Source data:
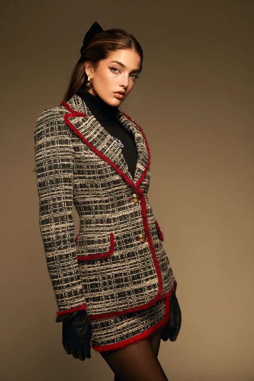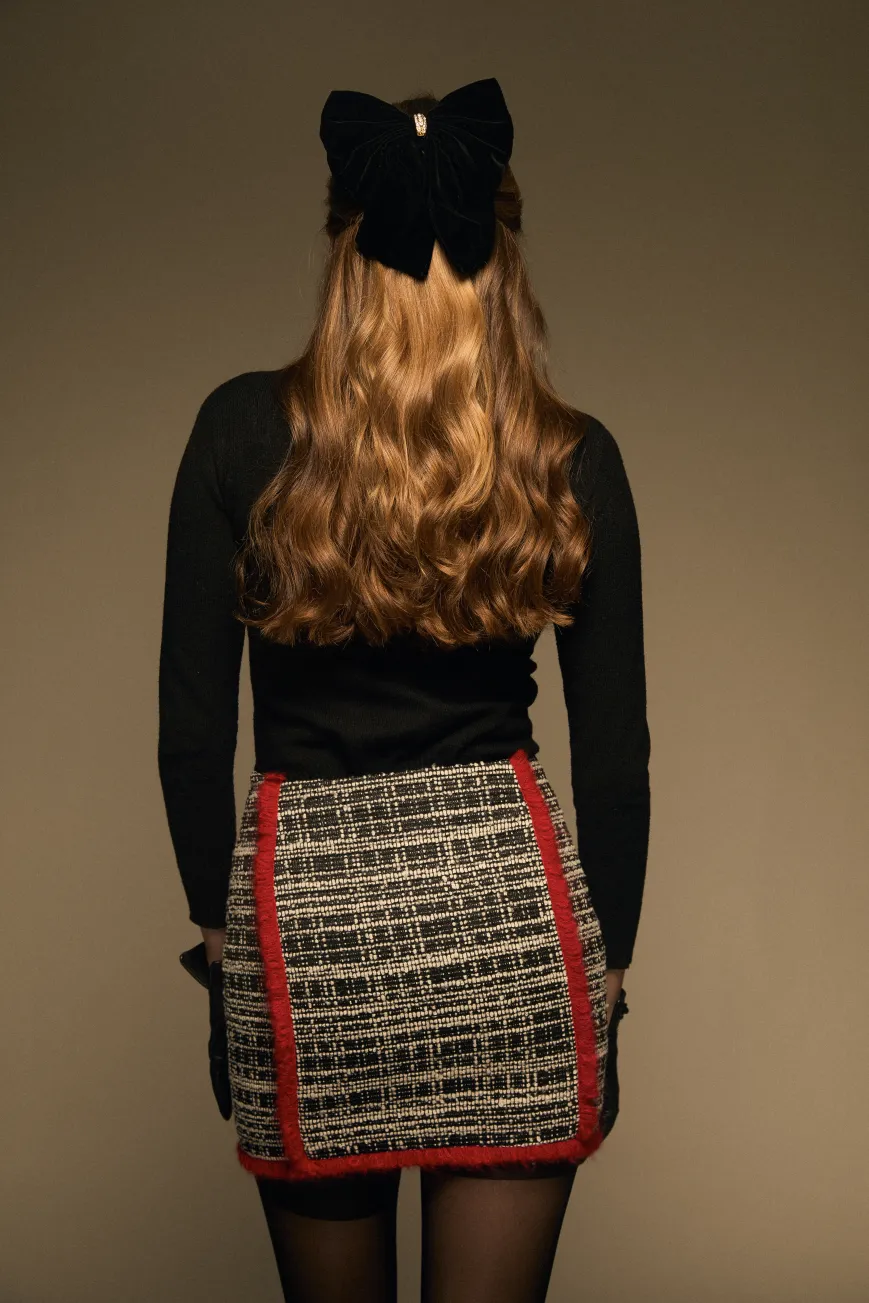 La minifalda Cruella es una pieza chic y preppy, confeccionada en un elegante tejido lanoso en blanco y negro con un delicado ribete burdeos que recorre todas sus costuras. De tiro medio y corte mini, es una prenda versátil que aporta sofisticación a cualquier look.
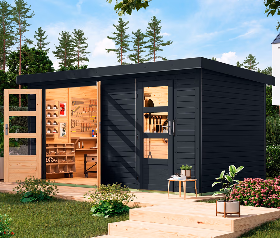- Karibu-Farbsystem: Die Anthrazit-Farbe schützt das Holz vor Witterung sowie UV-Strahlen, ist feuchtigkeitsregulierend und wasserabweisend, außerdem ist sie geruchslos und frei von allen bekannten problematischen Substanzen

* * *

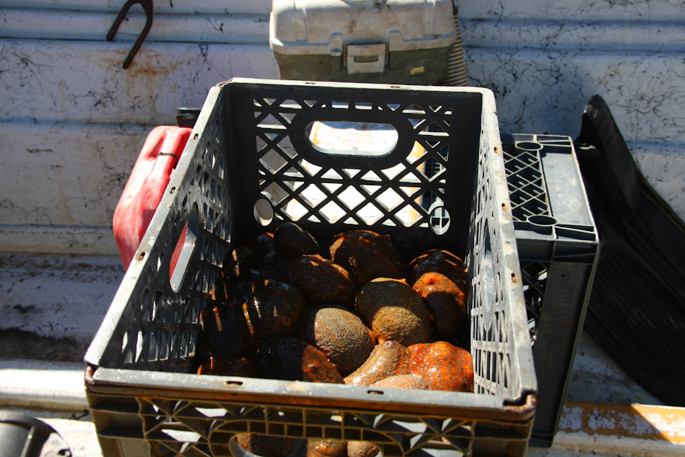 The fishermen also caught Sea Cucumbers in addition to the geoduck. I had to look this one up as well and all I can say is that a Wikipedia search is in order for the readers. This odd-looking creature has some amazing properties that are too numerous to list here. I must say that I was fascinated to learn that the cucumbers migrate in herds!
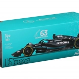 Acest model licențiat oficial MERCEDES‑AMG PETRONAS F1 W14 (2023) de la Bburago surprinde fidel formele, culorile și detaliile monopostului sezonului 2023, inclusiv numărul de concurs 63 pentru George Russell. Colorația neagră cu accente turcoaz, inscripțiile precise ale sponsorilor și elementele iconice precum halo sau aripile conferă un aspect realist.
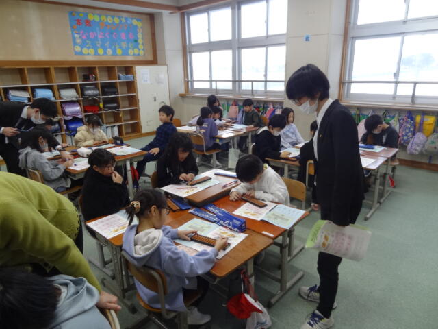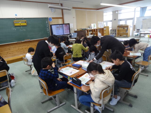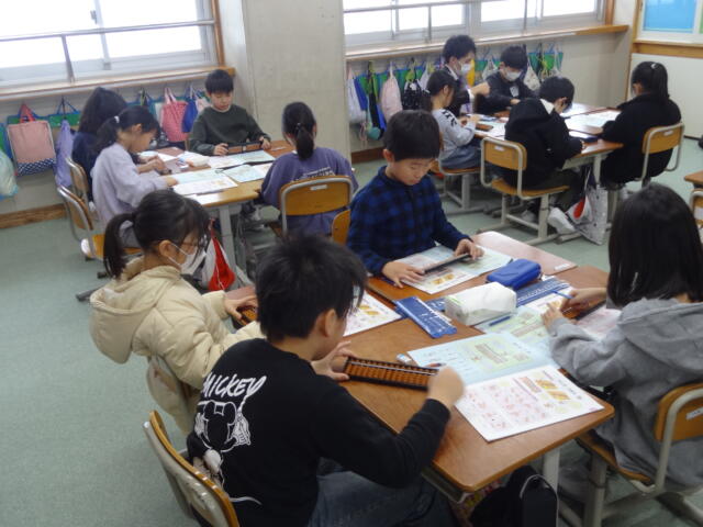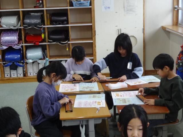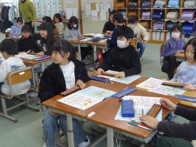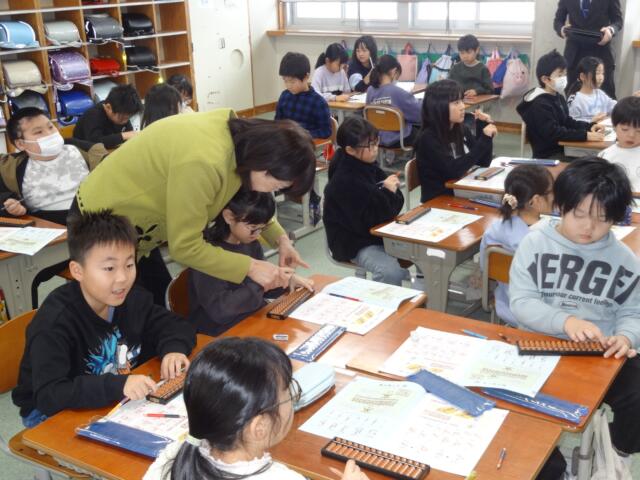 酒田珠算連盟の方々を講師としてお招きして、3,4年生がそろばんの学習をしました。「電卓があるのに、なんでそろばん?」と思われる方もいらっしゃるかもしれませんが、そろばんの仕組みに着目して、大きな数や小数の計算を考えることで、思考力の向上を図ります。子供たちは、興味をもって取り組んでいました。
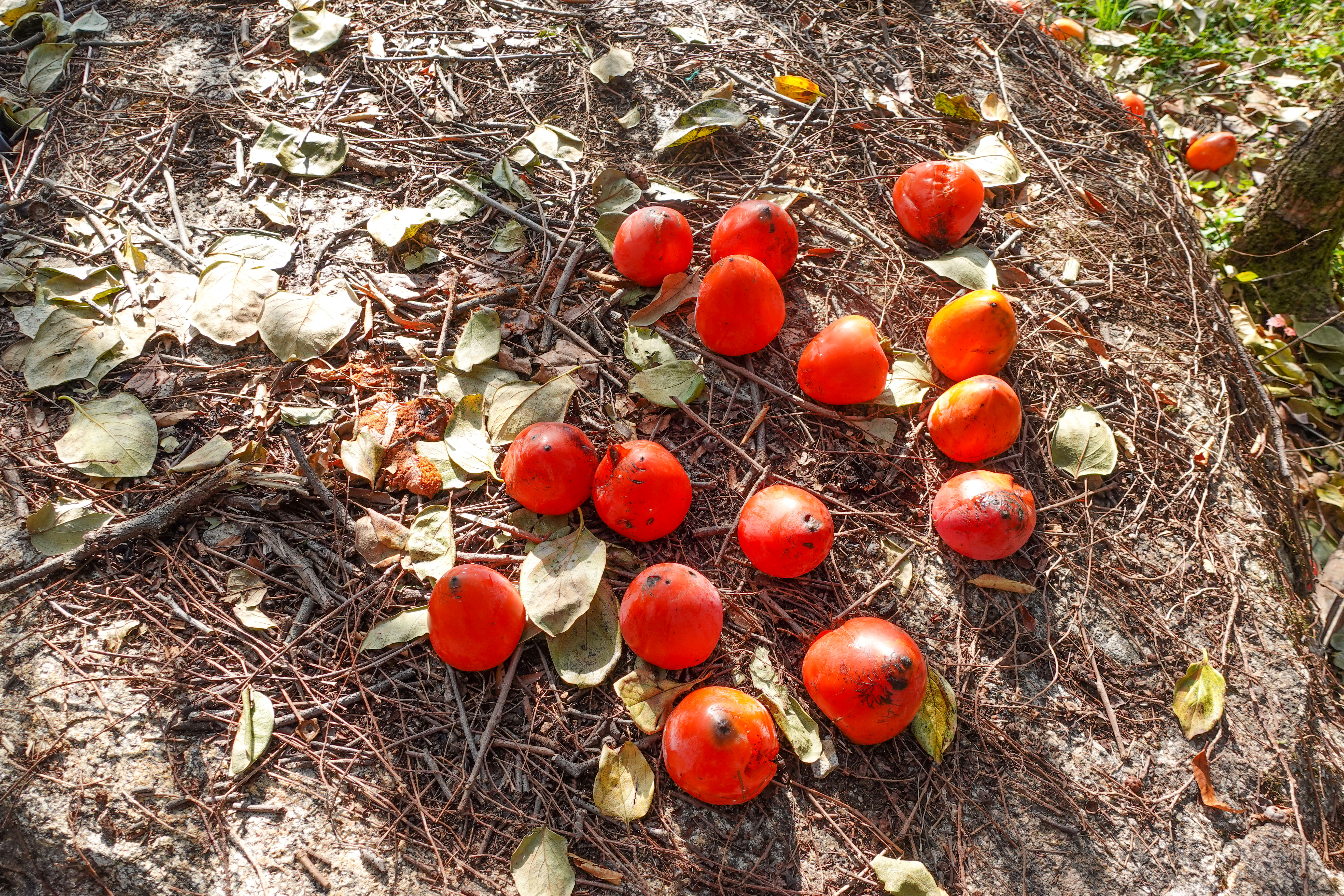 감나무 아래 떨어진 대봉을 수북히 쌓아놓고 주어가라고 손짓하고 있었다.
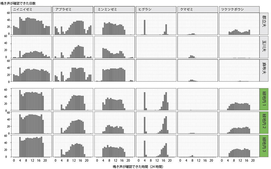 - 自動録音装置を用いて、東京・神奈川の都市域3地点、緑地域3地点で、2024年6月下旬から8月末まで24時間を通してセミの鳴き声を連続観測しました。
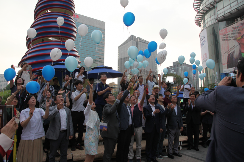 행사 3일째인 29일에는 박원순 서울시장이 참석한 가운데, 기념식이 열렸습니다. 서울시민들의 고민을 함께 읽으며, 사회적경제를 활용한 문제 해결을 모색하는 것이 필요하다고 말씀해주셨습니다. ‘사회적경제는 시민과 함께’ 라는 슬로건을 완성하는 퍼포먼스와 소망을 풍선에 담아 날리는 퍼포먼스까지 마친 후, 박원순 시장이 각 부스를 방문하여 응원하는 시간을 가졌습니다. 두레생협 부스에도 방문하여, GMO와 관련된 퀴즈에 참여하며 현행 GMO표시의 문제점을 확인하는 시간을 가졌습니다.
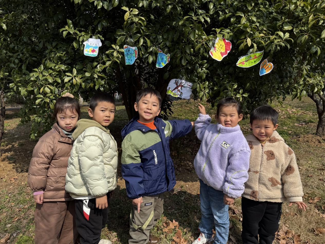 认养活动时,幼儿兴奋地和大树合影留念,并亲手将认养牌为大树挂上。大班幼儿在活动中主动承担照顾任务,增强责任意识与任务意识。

Problem to work on: Would you transcribe the lines above exactly, going from the line bearing "Acest model licențiat" through the line bearing "认养活动时,幼儿兴奋地和大树", and drop the pictures from the copy?

Answer space:
 Acest model licențiat oficial MERCEDES‑AMG PETRONAS F1 W14 (2023) de la Bburago surprinde fidel formele, culorile și detaliile monopostului sezonului 2023, inclusiv numărul de concurs 63 pentru George Russell. Colorația neagră cu accente turcoaz, inscripțiile precise ale sponsorilor și elementele iconice precum halo sau aripile conferă un aspect realist.
 酒田珠算連盟の方々を講師としてお招きして、3,4年生がそろばんの学習をしました。「電卓があるのに、なんでそろばん?」と思われる方もいらっしゃるかもしれませんが、そろばんの仕組みに着目して、大きな数や小数の計算を考えることで、思考力の向上を図ります。子供たちは、興味をもって取り組んでいました。
 감나무 아래 떨어진 대봉을 수북히 쌓아놓고 주어가라고 손짓하고 있었다.
 - 自動録音装置を用いて、東京・神奈川の都市域3地点、緑地域3地点で、2024年6月下旬から8月末まで24時間を通してセミの鳴き声を連続観測しました。
 행사 3일째인 29일에는 박원순 서울시장이 참석한 가운데, 기념식이 열렸습니다. 서울시민들의 고민을 함께 읽으며, 사회적경제를 활용한 문제 해결을 모색하는 것이 필요하다고 말씀해주셨습니다. ‘사회적경제는 시민과 함께’ 라는 슬로건을 완성하는 퍼포먼스와 소망을 풍선에 담아 날리는 퍼포먼스까지 마친 후, 박원순 시장이 각 부스를 방문하여 응원하는 시간을 가졌습니다. 두레생협 부스에도 방문하여, GMO와 관련된 퀴즈에 참여하며 현행 GMO표시의 문제점을 확인하는 시간을 가졌습니다.
 认养活动时,幼儿兴奋地和大树合影留念,并亲手将认养牌为大树挂上。大班幼儿在活动中主动承担照顾任务,增强责任意识与任务意识。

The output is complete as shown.